- Coordinates: 33°43′S 116°10′E﻿ / ﻿33.72°S 116.16°E
- Country: Australia
- State: Western Australia
- LGA: Shire of Donnybrook–Balingup;
- Location: 196 km (122 mi) from Perth; 64 km (40 mi) from Bunbury; 32 km (20 mi) from Donnybrook;

Government
- • State electorate: Collie-Preston;
- • Federal division: Forrest;

Area
- • Total: 178 km^{2} (69 sq mi)

Population
- • Total: 18 (SAL 2021)
- Postcode: 6243
Localities around Wilga West
| Noggerup | Noggerup | Wilga |
| Grimwade | Wilga West | Wilga |
| Balingup | Catterick | Benjinup |

= Wilga West, Western Australia =

Locality in the Shire of Donnybrook–Balingup, Western Australia

Wilga West is a rural, heavily forested locality of the Shire of Donnybrook–Balingup in the South West region of Western Australia.
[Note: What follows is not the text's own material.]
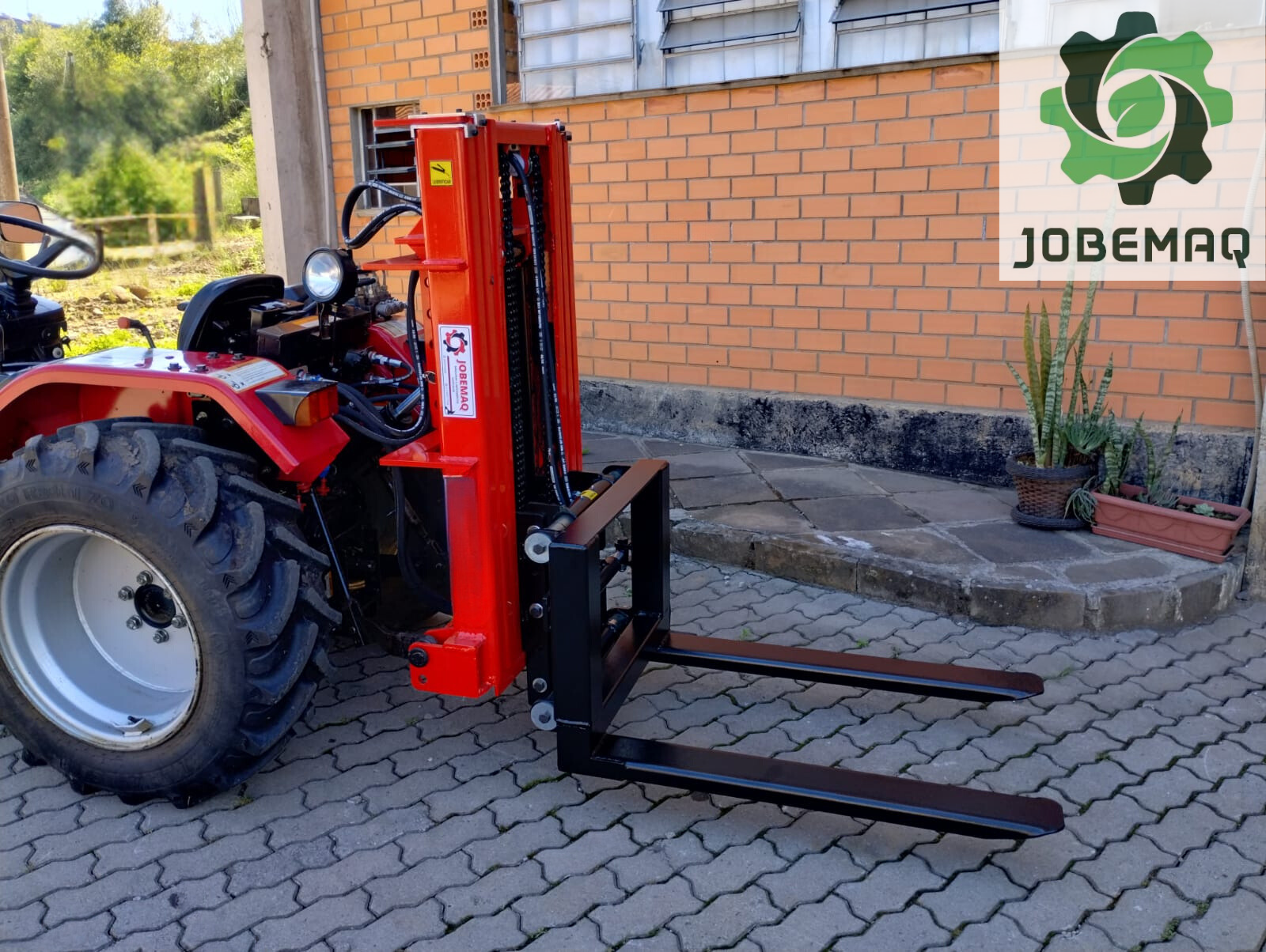 O funcionamento do garfo frontal é feito através de cilindros hidráulicos conectados nos comandos do trator.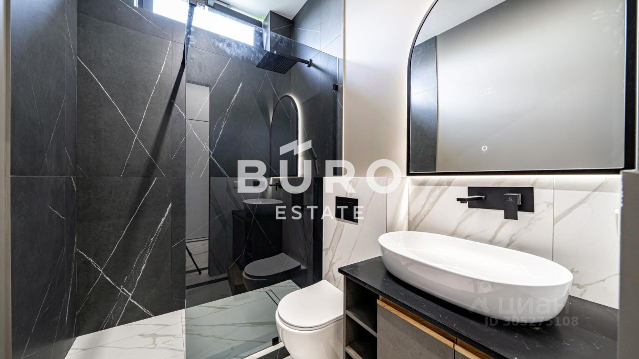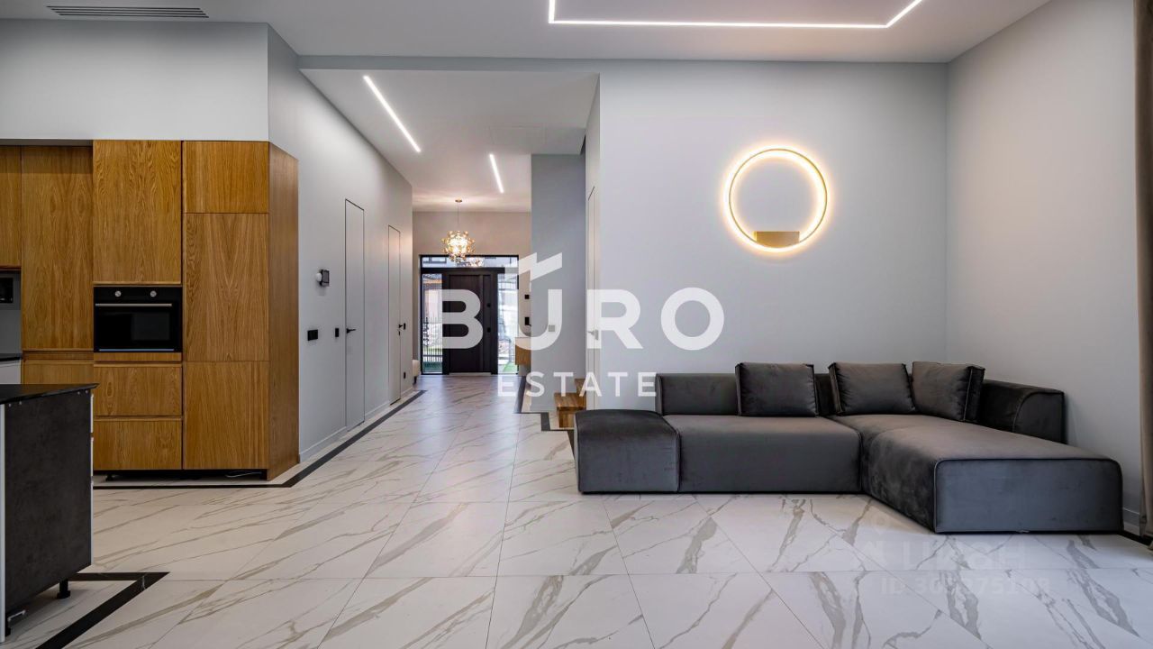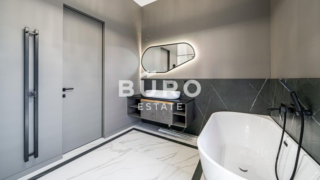 Установлены дизайнерские светильники и скрытые двери, теплые полы и кондиционеры. На кухне немецкая техника NEFF и каменная столешница.

The town of Wilga, located east of the locality, was established as a railway siding in 1909 and gazetted as a town in 1915. The name Wilga is of Aboriginal origin and may come from the near-by Wilgee Spring. Wilgee is the name for the red ochre worn for ceremonies.

Wilga West and the Shire of Donnybrook–Balingup are located on the traditional land of the Wardandi people of the Noongar nation.